On how blogs have changed the way I look at books

I have more than a hundred feeds on my Google Reader. It could be much more, just that I haven’t bothered to keep track. Apart from these hundred odd feeds, I also read posts which have been shared by people on my GTalk friends list. And then, you have people who send you the odd link to some strong post or article, and I usually end up reading them too.

The point I’m trying to drive at is that most of my reading time nowadays is spent reading blogs and news articles and magazine articles. The kind of stuff that promises to offer a strong insight once every 1000 words or so, and usually delivers on that promise. Which, in effect, has spoilt me.

So, in effect, whenever I read something, I end up expecting an insight every few hundred words (no, i’m not that jobless to count words. this is just an approximate estimate). And this is the reason why, I think, I’ve stopped reading fiction. Fiction simply doesn’t offer the same kind of insights that blogs do. Yes, stories can be insightful. They do help you learn stuff. They definitely help you “develop as a person”. But if they are longer than a few hundred words (i still have appetite for short stories), they end up boring me. I quickly lose interest. I find no point in reading them.

Whenever I look at a book now, I end up comparing the experience to reading blogs. I see if the book can promise insight at the same rates that blogs can. Which is why I hate single-idea books. i had recently read this book called Why Popcorn Costs So much at the movies. My crib with that was that it didn’t offer enough insight for it’s length. What could have been explained in 20 blog posts had been stitched into a book.

In the era before blogs, such books made sense. There was no quick fix way to get insights, and you would be willing to plough through long books in order to get some insights. And for the author, there was no quick and profitable way of disseminating insights – he was forced to write long books. It was a sustainable market.

Blogging seems to have changed all that. There is a quick and possibly profitable way of disseminating informationn. There is a quick and easy way of receiving it. Some books that were great ideas in an earlier era simply can’t hold up now. In these times, if you are to write a book, you need to make sure that there is actually enough material to hold up all the pages that it’s written on. That even if the main idea can’t hold for so long (it usually can’t), you put in enough sub-plots and side-stories to sustain it.

I want to write books some day. Maybe even take that as a full-time profession – though it’s too early to call on that. However, when I do get down to writing this, I need to keep this concept in mind. That I will need to fill the book with enough insights to sustain it.

PS: i don’t feel the same about movies. I don’t mind the slow buildup and long periods where nothing happens at all. maybe it’s because the movie lasts only about two odd hours in its entirety.

5 thoughts on “On how blogs have changed the way I look at books”

  1. PS: i don’t feel the same about movies. I don’t mind the slow buildup and long periods where nothing happens at all. maybe it’s because the movie lasts only about two odd hours in its entirety.

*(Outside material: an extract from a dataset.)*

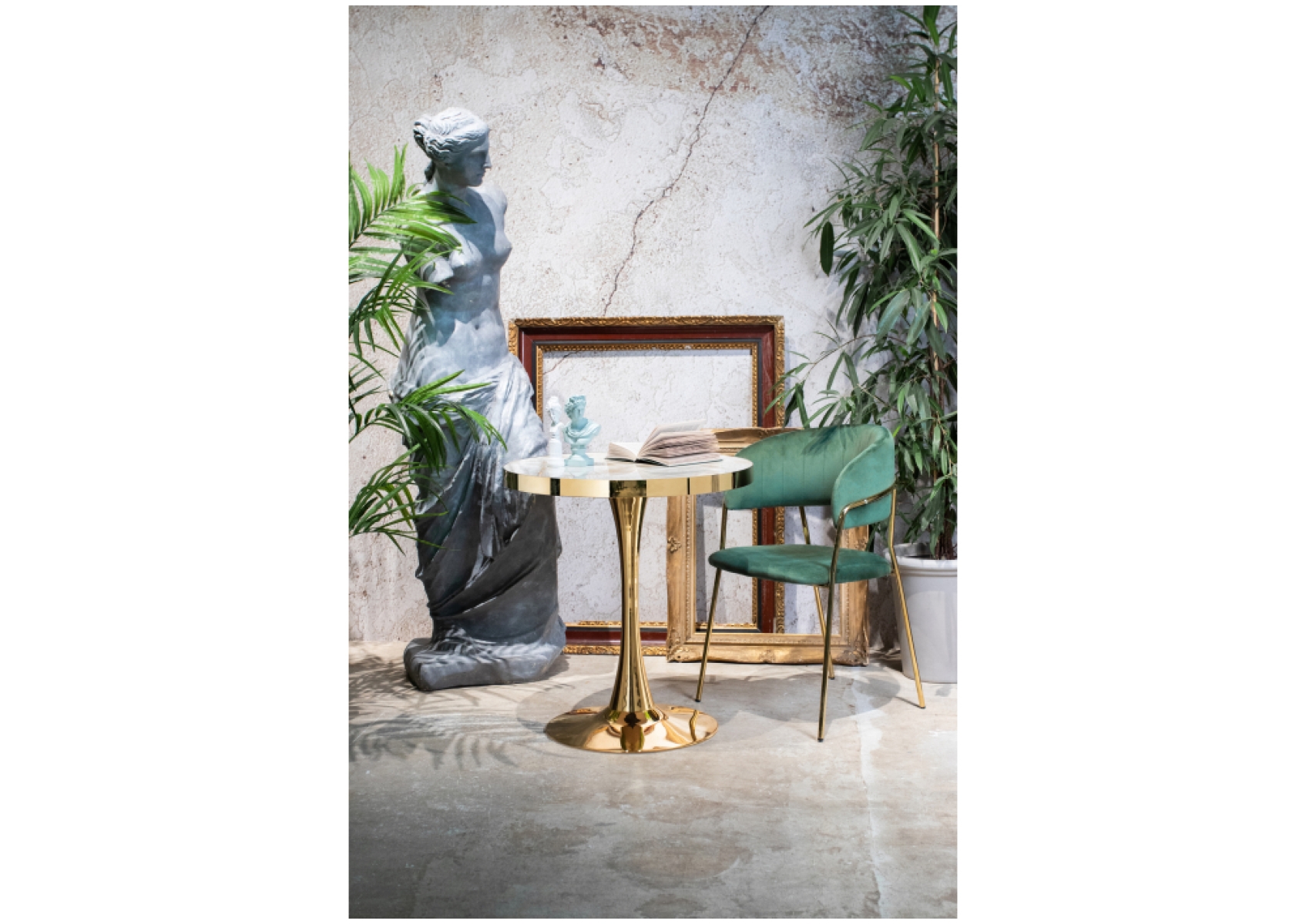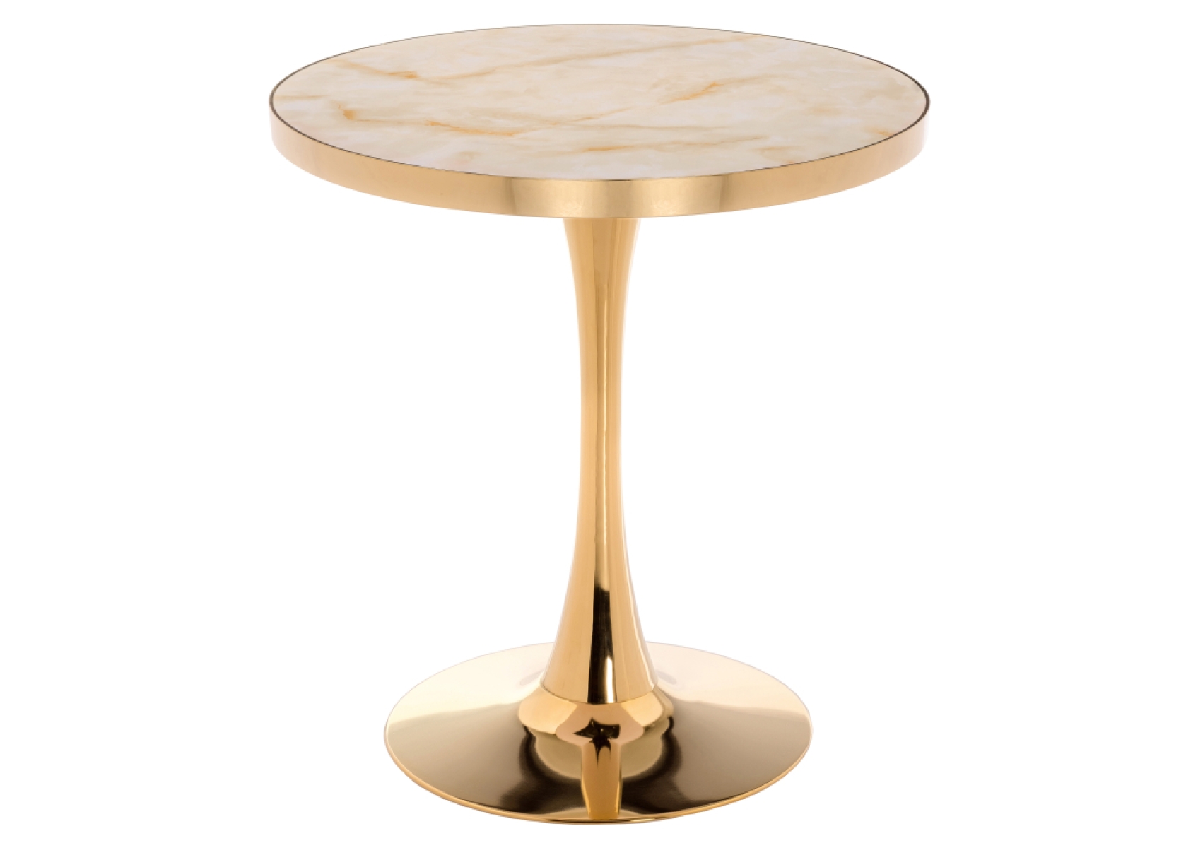Стол Dorian подойдет для размещения в зоне столовой или на кухне. Круглая форма и отсутствие острых краев обеспечат безопасность всем членам семьи, включая детей. У модели необычная конструкция: столешница фиксируется на толстой металлической ножке, плавно переходящей в широкое основание, размер которого почти совпадает с диаметром верхней части. Поверхность столешницы, имитирующая мрамор, гармонично сочетается с золотистым каркасом. Стол органично впишется в интерьер, выдержанный в современном стиле. Добавит сдержанного шика и функциональности любому жилому пространству. Столешница выполнена из МДФ. В основе материала лежит натуральная древесина. МДФ создается по новейшим технологиям, отвечает высоким стандартам качества и безопасности. Устойчив к попаданию воды, температурным перепадам в помещении, сухости, механическим повреждениям. Имеет достаточно низкую себестоимость. Верхняя часть столешницы покрыта акрилом. Материал прочен, устойчив к агрессивным воздействиям внешней среды. Отлично сохраняет первоначальный цвет в течение долгого времени. Гигиеничен, обладает антибактериальными свойствами. За акриловой столешницей легко ухаживать, применяя составы для полировки стекла. Металлокаркас обеспечит конструкции устойчивость и надежность. Металл - практичный материал природного происхождения, экологически чистый и абсолютно безопасный. Нейтрально переносит удары, выдерживает регулярные, достаточно высокие нагрузки. Прекрасно выглядит, при этом нуждается в простом уходе. Мебель из металла не нужно обрабатывать специализированными средствами. Достаточно стандартной очистки

    May be because we read blogs to get fundaes while we watch movies to ( temporarily ) forget about fundaes? After all, there aren’t enough people in your intellectual bracket for movies that are fundu enough for you to be economically viable. Whereas, writing a blog or a book doesn’t need so much of an investment.

    1. i think so. movies don’t compete with blogs for my attention. they fill two completely different gaps.

      books, on the other hand, are rival to blogs; and so my expectations out of those are higher.

      and i agree with you about the economic argument.

  2. A lot of people feel the same way, to add to what you said.

    I think people widely understand the scalability of profits from writing books. This has resulted is
    a) People who have expertise/strong-message and can write well tend to write more books, even if their central idea can be limited to 2 page article.
    b) People (call it the celebritires/newsmakers) who otherwise don’t have much to say or just have a desire to tell their story tend to publish books which often drown out the bookstores and the “real” books.
    c) Lack of qualified editors or at least not enough of them to cut through the crap. This has caused a lot of formerly book addicts to give up on books.

    The universality of blog-addiction is probably because human beings are by and large mentally indisciplined creatures, who tend more than anything to seek acceptance for their opinions, no external editing or that finality of ink and paper. But I still the benefit of access to a lot of minds still outweighs the coarseness of the blog-o-form.

    1. economics of this is simple. blog doesn’t pay. book pays lots. so you just stretch your idea like rubber and turn your blog into a book. speaking of which i plan to publish a Blook in 1-2 yrs’ time.